図6は、本発明のプローブ固相化反応アレイによる結果である。図6では、検査レーン301内のスポットが検出されている．液漏れ検知エリア（液漏れなし）303ではスポットが検出できない。従って、隣り合う検査レーンの溶液が漏れていない（もしくは，影響がない程度）ことが分かる。逆に液漏れ検知エリア（液漏れあり）302ではスポットが検出され、隣り合うどちらかの検査レーンから液漏れが生じ、これら検査レーンの検査結果が信頼できないと言える。設定されたスキャナーの感度で液漏れ検知エリアのスポットが少しでも検出されれば、隣り合う検査レーンの検査結果を破棄することが望ましい。

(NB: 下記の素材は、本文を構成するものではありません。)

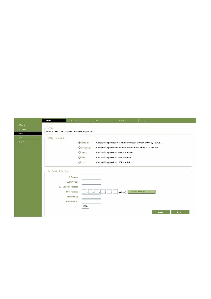 connection. Follow the instruction below to configure the Router to use Static IP Address assignment

本発明のプローブ固相化反応アレイの一態様のプローブ固相化位置を示す図。図1のプローブ固相化反応アレイの断面を示す図。本発明のプローブ固相化反応アレイの一態様を示す図。本発明のプローブ固相化反応アレイの一態様を示す図。 20連キャピラリ・ラバーを用いた本発明のプローブ固相化反応アレイの一態様を示す図。 8連キャピラリ・ラバーを用いた本発明のプローブ固相化反応アレイによる結果。

符号の説明

101・・・基板
102・・・プローブ（001）
103・・・検査プローブ群
104・・・液漏れ検知プローブ群
105、110・・・区画区切り基材（キャピラリ・カバー）
106・・・溶液入出口
107・・・キャピラリ・レーン
108、301・・・検査レーン（流路）
109・・・液漏れ検知エリア
302・・・液漏れ検知エリア（液漏れあり）
303・・・液漏れ検知エリア（液漏れなし）

Claims

プローブ固相化反応アレイであって、
基板と区画区切り基材によって形成された流路と、
前記基板上の流路に固相化された検査プローブと、
前記基板上の基板と区画区切り基材との付着面に固定化された液漏れ検知プローブと、
を備えていることを特徴とするプローブ固相化反応アレイ。
請求項1に記載のプローブ固相化反応アレイであって、前記プローブは、基板に直接固定化されていることを特徴とするプローブ固相化反応アレイ。
請求項1に記載のプローブ固相化反応アレイであって、前記プローブは、基板に間接的に固定化されていることを特徴とするプローブ固相化反応アレイ。
請求項1〜3のいずれか1項に記載のプローブ固相化反応アレイであって、前記プローブは、核酸、タンパク質、抗体または抗原からなるプローブ群から選択される一以上のプローブであることを特徴とするプローブ固相化反応アレイ。
請求項4に記載のプローブ固相化反応アレイであって、前記プローブは、核酸プローブであることを特徴とするプローブ固相化反応アレイ。
請求項1〜5のいずれか一項に記載のプローブ固相化反応アレイであって、前記液漏れ検知プローブは、前記検査プローブと同じプローブであり、かつ該検査プローブと最も近い位置で、基板と区画区切り基材との付着面に固定化されていることを特徴とするプローブ固相化反応アレイ。